● **WHAT IS EXPECTED**
For this listing, reproduce the line with "- Основные характеристики", the line with "宋女士向记者出具两份落款时间", and the lines between, exactly as they stand. Leave out pictures and all other lines.

● **DATA EXTRACT**
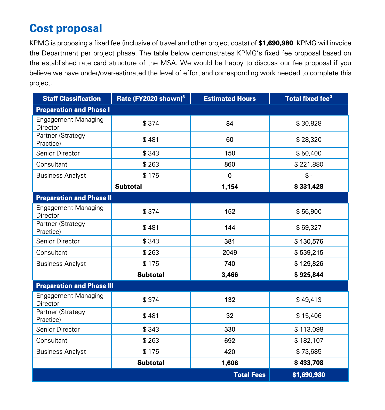 In one proposal example, I saw KPMG charging an overall project fee of $1,690,980. The hourly rate here is lower than that of the top strategy firms—the partner charges $481/hour and the consultant $263/hour. Expect prices to be upward of $250/hour minimum.
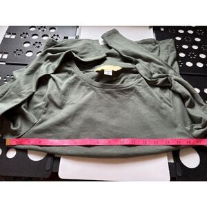 ROEBECK & CO women’s size S army green long sleeve knotted front top. Preloved but in good condition. No defects or flaws. The top is made from a soft and stretchy fabric and features a relaxed fit. The twist front detail adds a touch of style, and the long sleeves will keep you warm on cooler days.
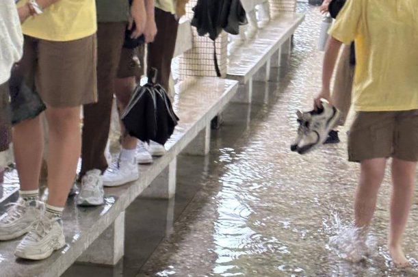羅高校長張家豪表示,今天暴雨來得急、退得也快,淹水約一個多小時後便退去。由於校園地勢低漥,遇到強降雨時,周邊道路積水會湧入校園,導致排水系統負荷過重、宣洩不及,因此風雨走廊等區域容易積水。
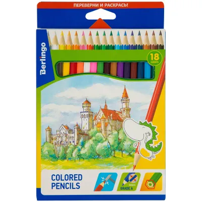 - Основные характеристики Карандаши цветные Berlingo "Замки", 18цв., заточен., картон, европодвес: Материал корпуса: Дерево, Форма корпуса: Шестигранная, Количество цветов: 18, Тип: Карандаши цветные. Полный список характеристик доступен на странице товара.
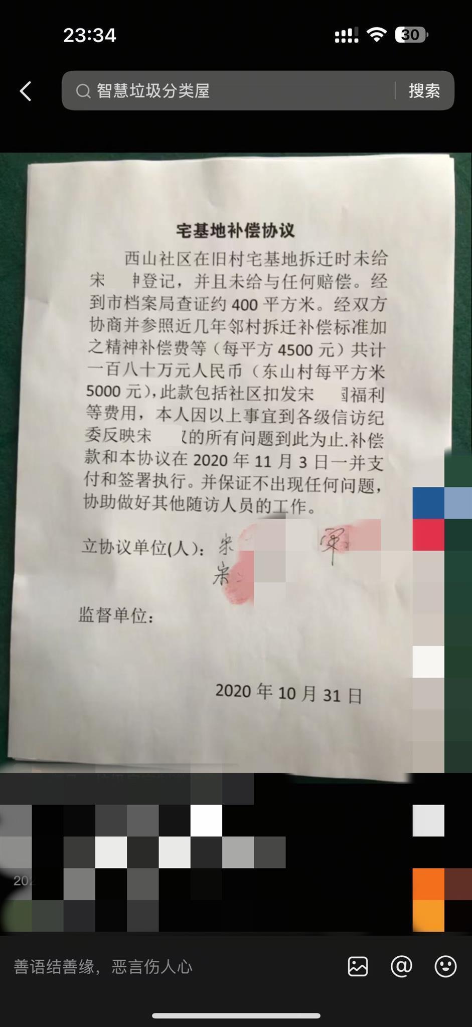 宋女士向记者出具两份落款时间均为2020年10月31日的《宅基地补偿协议》。该协议显示,宅基地经到市档案局查证约400平方米,经双方协商,并参照近几年邻村拆迁补偿标准,赔偿费为180万元。一份协议上有宋某国、宋某全及两人父亲的签名和手印,但未有宋某某签字;另一份协议上写有“西山社区”字样,并有宋某某、宋某国的签名和手印。宋女士告诉记者,此后宋某某向宋某国转账180万元,宋某国向宋某全转账86万元。
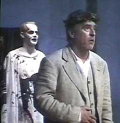 ... Facettenreich setzt Andreas Schmidt-Schaller die Titelrolle mit dem allegorischen Namen um: In kaltherziger Banker-Manier tritt er dem armen Nachbarn und den Schuldknechten gegenüber; selbstgerecht sieht er sich als verdienter und unangreifbarer Herr über Geld und andere Menschen; unter Qualen gelangt er zur Einsicht, daß er die letzte Reise allein antreten muß und nur seine “guten Werke” noch für ihn sprechen können; vom Lippenbekenntnis gerät ihm die Rückkehr zum Glauben schließlich zu ehrlicher Besinnung. Handfest und unprätentiös agiert Gottfried Richter als Jedermanns guter Gesell, glaubwürdig Winfried Wenzel als armer Nachbar, angenehm ironisierenden Habitus geben Uwe Dreves und Jürgen Kern den beiden Vettern. Ohne falsche Sentimentalität, deshalb um so eindringlicher gibt Astrid Bless die Rolle der mahnenden Mutter, die durch eine weitere Besetzung als Glaube einen sinnreichen Hintergrund erhält. Ähnlich, wenn auch nicht so vordergründig läßt sich die Doppelrolle von Andrea Aust als Buhlschaft und als gute Werke sehen. Sowieso gilt das für Sven Riemann als Tod und Teufel. Vor allem letzteren - den zweifellos dankbaren Part des um die sichere “Beute” betrogenen Höllenfürsten - spielt der einstige Rostocker zum Vergnügen des Publikums in himmlischer Empörung, die weder des ernsthaften Appells an das irdische Gerechtigkeitsempfinden noch des Spaßes am Spiel entbehrt...
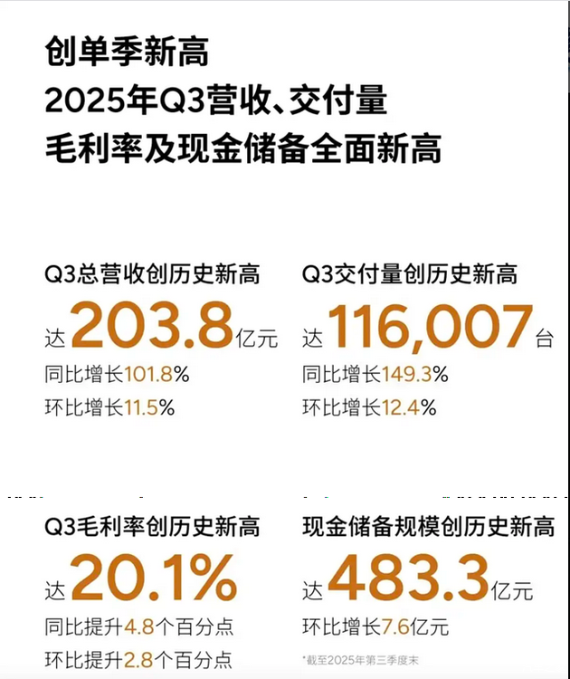 2025年第三季度,小鹏在多个关键指标上实现同步改善。单季度营收超过200亿元,交付量突破11.6万辆,毛利率站上20%,现金储备接近500亿元。这些数据对于消费者的直接意义,在于品牌是否具备持续投入产品迭代和售后体系的能力。从用车周期角度看,一家车企是否具备稳定现金流,直接影响后期OTA支持、零部件供应稳定性以及服务网络扩展速度。对于打算长期持有车辆的用户而言,这些“看不见”的指标,往往比单一配置更重要。
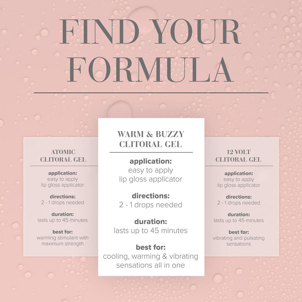 - Gently massage until the gel is absorbed. The warming effect begins quickly, followed by a subtle buzzy sensation that heightens sensitivity.
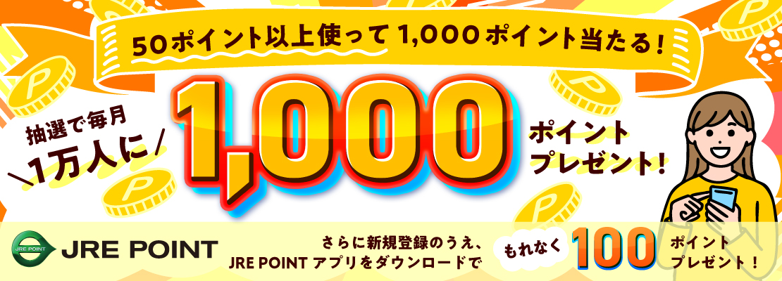 期間中にJRE POINTに新規登録をしてJRE POINTアプリをダウンロードのうえ初回ログインいただいた方
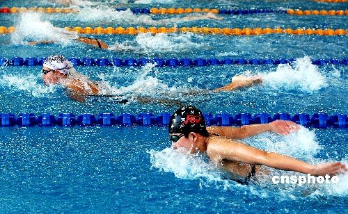 6月25日,為期五天的第十一屆全運會游泳預(yù)選賽暨2009年全國青年游泳錦標(biāo)賽落下帷幕。本次比賽為第十一屆全運會游泳決賽的資格賽,分別在天津和大連兩個賽區(qū)舉行,達標(biāo)運動員取得了將于今年十月份舉行的全運會游泳決賽的資格。天津賽區(qū)有江蘇、浙江、安徽、福建、廣東等14支代表隊的252名選手報名參賽;大連賽區(qū)有北京、遼寧、上海、貴州、解放軍等12支代表隊的314名選手報名參賽。中新社發(fā) 劉德斌 攝
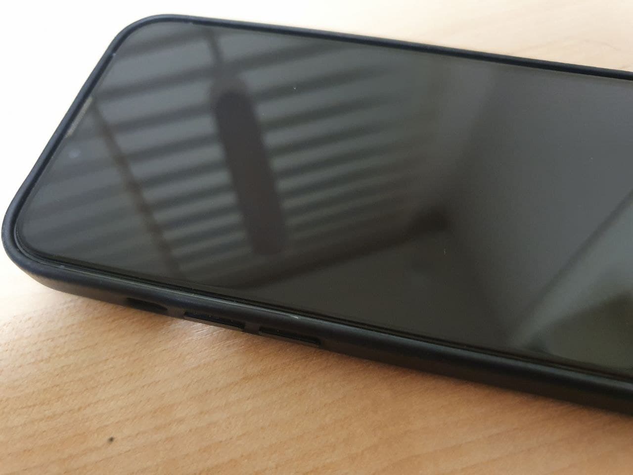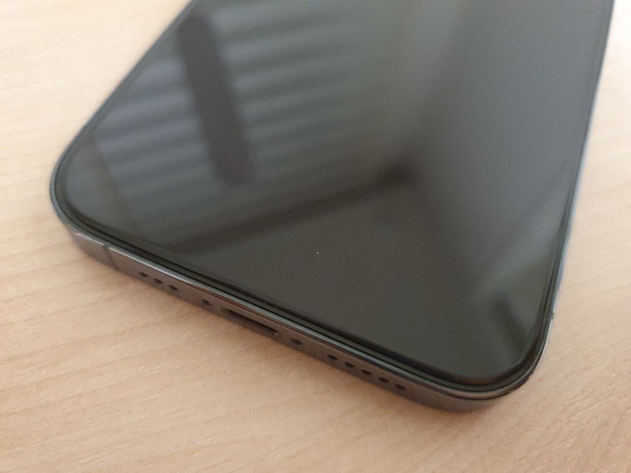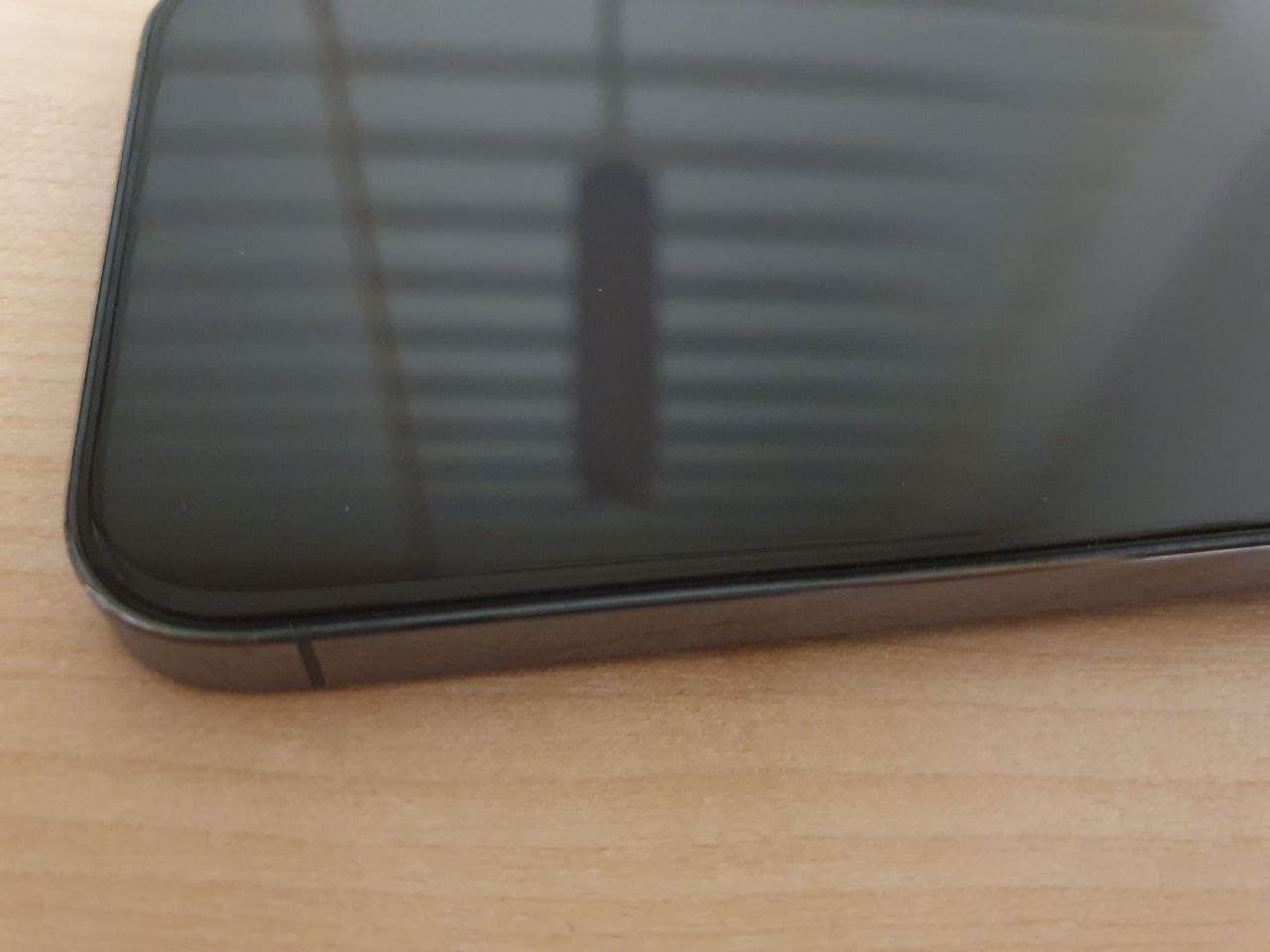 액정 테두리를 1mm 정도 여유를 두고 액정을 모두 덮어주기 때문에 케이스를 씌워도 간섭이 없습니다. 제가 말했던 부분이 위 사진에서 잘 보이는지 모르겠네요. 개인적으로 액정을 딱 맞게 보호해준다고 생각합니다. 또한 수화부 부분은 그릴 처리해서 신경쓴 부분도 좋았습니다. 강화유리필름을 붙인 상태에서 애플 정품 가죽 케이스를 씌워도 서로간에 간섭이 전혀 없기 때문에 강화유리필름 사이즈는 제 맘에 쏙 들었습니다.
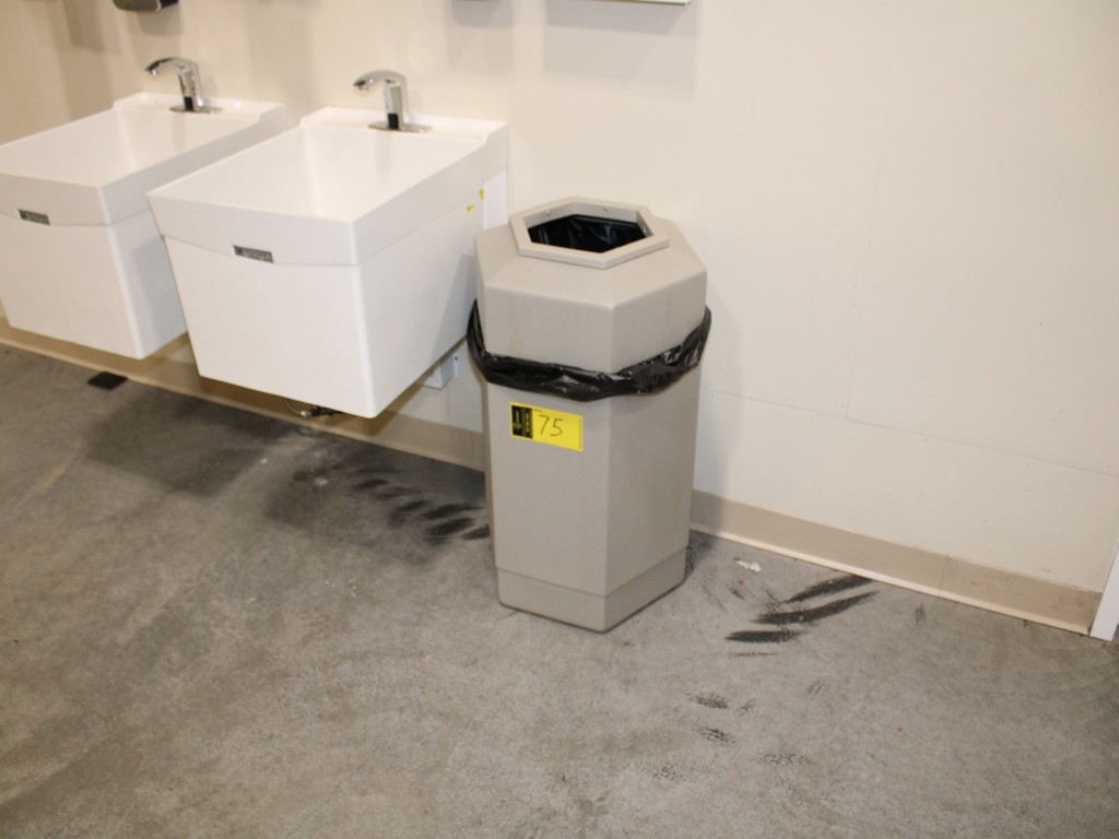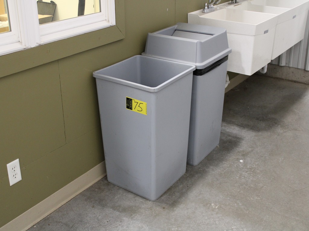 (6) COMMERCIAL ZONE PRODUCTS Trash Cans, PolyTec, 20"W x 17?"D x 29"H, 30-Gallon Capacity; (2) 35-Gallon Trash Cans, Plastic, (1) Double Swing Lid.
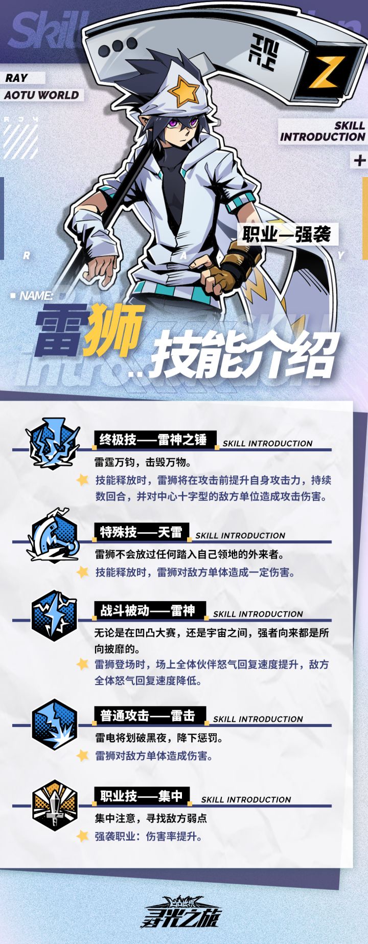 ♢参赛者技能指南·雷狮♢〈9022号参赛者技能指南相关权限已解锁!〉〈读取指令激活……Loading……〉〈雷狮技能介绍&进阶效果 读取成功!〉=======================参赛者们大家好呀!今天9022为大家带来了『雷狮』的技能介绍以及进阶效果,助各位参赛者更好地安排作战伙伴呦~▷官方服下载通道见评论区官方1群:421930021官方2群:922948619

● **TASK RESULT**
 - Основные характеристики Карандаши цветные Berlingo "Замки", 18цв., заточен., картон, европодвес: Материал корпуса: Дерево, Форма корпуса: Шестигранная, Количество цветов: 18, Тип: Карандаши цветные. Полный список характеристик доступен на странице товара.
 宋女士向记者出具两份落款时间均为2020年10月31日的《宅基地补偿协议》。该协议显示,宅基地经到市档案局查证约400平方米,经双方协商,并参照近几年邻村拆迁补偿标准,赔偿费为180万元。一份协议上有宋某国、宋某全及两人父亲的签名和手印,但未有宋某某签字;另一份协议上写有“西山社区”字样,并有宋某某、宋某国的签名和手印。宋女士告诉记者,此后宋某某向宋某国转账180万元,宋某国向宋某全转账86万元。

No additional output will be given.